2. Here we have Loma Linda U., which has geologists who claim the earth is 6,000 years old.
I suppose if the SDA has that favorite xian pasttime, another heretic hunt and Stalinistic purge, they can bring their universities into line with such academic powerhouses as Patriot University, Olivet college and hundreds of other obscure bible colleges.
PS I’ll add here that at bible colleges, they do occasionally have purges and heretic hunts and fire their science faculty for not being creationist enough.
What a Maroon says
So, you’re an almighty god dude, you can do what you want, you’ve created the fucking laws of nature so you can break them whenever you feel the urge, and you resort to… mirrors???
Apparently Mr. Bard thinks that Rube Goldberg is god.
Pierce R. Butler says
raven @ # 4: The founder of Methodism, John Wesly Harding…
Uh. Ahem.
Mr. Harding became famous for secular activities; pursuit of witches was not, sfaik, among them.
His Methodical namesake was known as Mr. Wesley, and, poor fellow, never got to set a match to a single heretic or devil’s consort.
xmp999 says
So basically the new model of science is “You do your Science thing, and if you still don’t agree that Christianity is true, we’ll argue some more.” (to paraphrase the Simpsons…)
raven says
I’ll add here that mass whale strandings aren’t uncommon.
We all read about a few per year in the newspapers. No one quite knows why they happen which makes them an interesting mystery.
Mass whale strandings are common.

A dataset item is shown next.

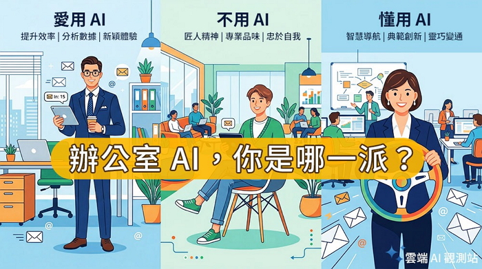 你是「愛用 AI 派」?還是「不用 AI 派」呢?其實無論屬於哪一個流派,我們都會建議你成為「懂用 AI 派」。根據《台灣企業轉型趨勢報告:2021-2025綜整與深度訪談》(註 1),企業透過人工智慧可以利用較少的資源提高競爭優勢,故加速導入是達成營運目標的關鍵。辦公室 AI 已陸續於多個公務機關導入,並明顯地提升行政效率,例如:會議紀錄整理時間可縮短 5 倍(註 2)。別忘了,要對工作成果品質負責任的人,是你自己,所以,別被 AI 幻覺帶偏焦點,把他放在對的位置才能有效提高工作表現。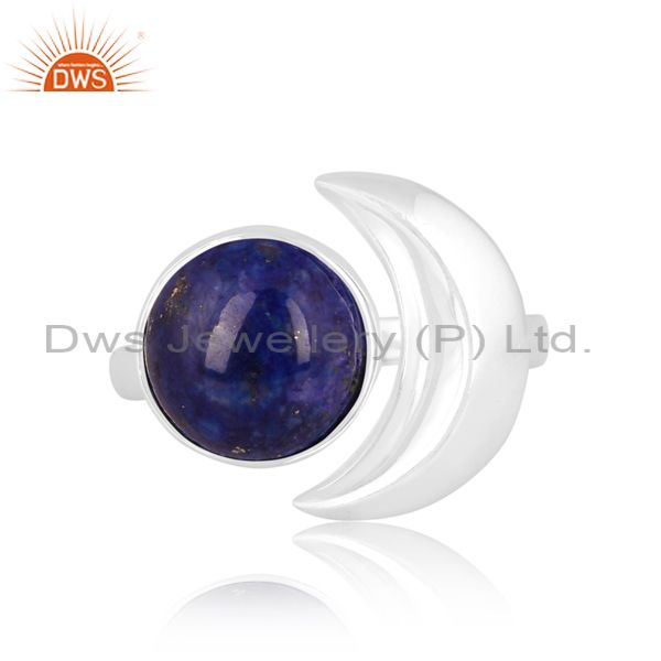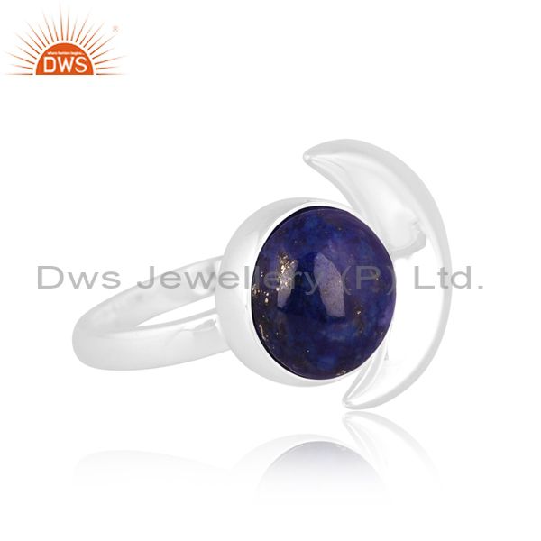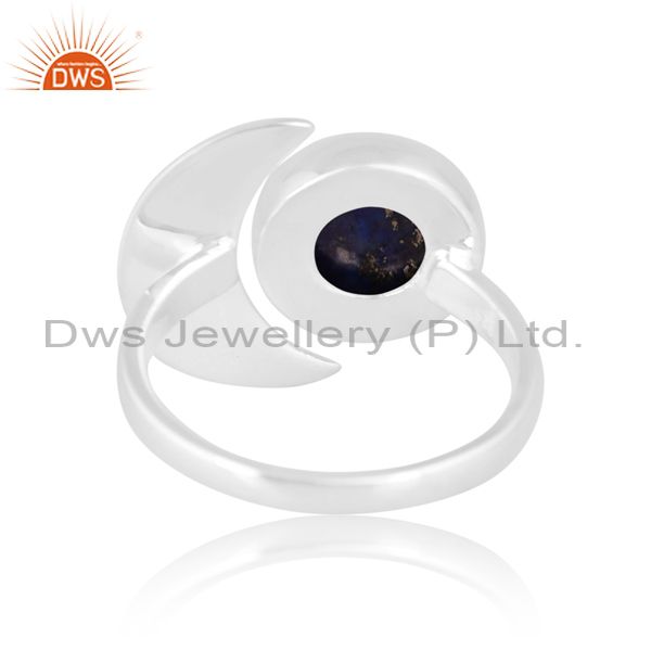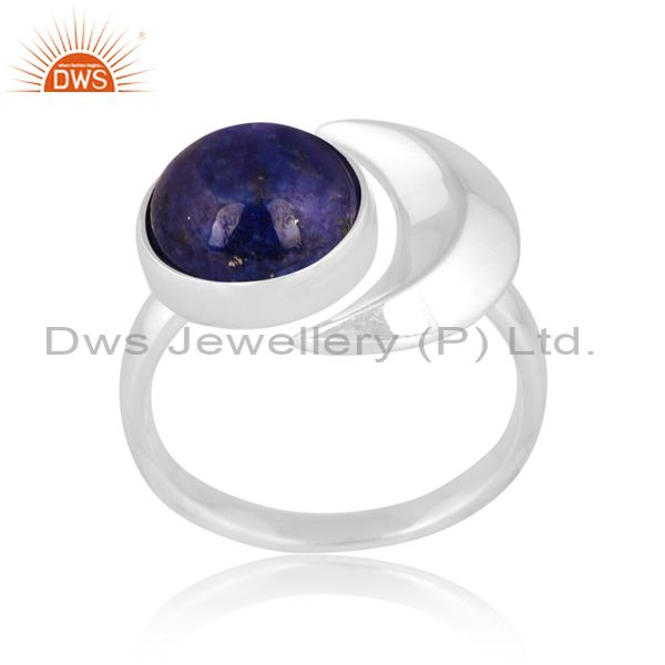 Round Cut Lapis Set Fine 925 Sterling Silver Abstract Ring

Rapid depositional events are common and we have many of those every year, typically floods along rivers or hurricanes. Ask the people in New Orleans how that works.
There is nothing scientifically odd about finding a bunch of whale fossils somewhere. The part of Chile where these were found is tectonically very active and it’s known that the dry land is rapidly being upraised by it. You can see it easily in historical time frames. Darwin saw an earthquake raise the land a few feet in the same area.
raven says
that the giving up of witchcraft is in effect giving up the Bible. John Wesley
I don’t know if John Wesley ever managed the sacred xian entertainment of burning humans alive on a stack of firewood. He was an advocate for hunting down witches.
Most xians have given up hunting down witches. Guess what, it made no difference whatsoever. Except to the witches and alleged witches who no longer live in fear of being torture murdered.
Corporal Ogvorbis (Would that be considered punishment?) says
Er, no shit, Sherlock. That is the only thing you got right. Where you went with it is dead wrong, but at least you realize that the bible (or any other creation myth) intersects with reality only in historic human terms (and the fact that they are made of matter (the actual books, that is)).
If you use the bible as reading glasses it makes sense. Really.
I’ve seen the Coconino Sandstone. I have aided NPS palaeontologists collect trackways. I have seen the trackways. I have also seen trackways in the sand dunes at Death Valley. there is no fucking difference, you moron!
=======
I have stood on the rim of the Grand Canyon and heard men tell their families (oddly, never heard a woman do this (but this was way back in the 70s)) all about the gorge being formed as the flood drained away. Even when I was ten I thought it hilarious. Especially since (if I recall correctly) the youngest layer at the canyon, the Kaibab Limestone, is late Permian.
Sunday Afternoon says
I think the only think I can add to PZ’s comment on this is “Holy Zarquon’s singing fish!”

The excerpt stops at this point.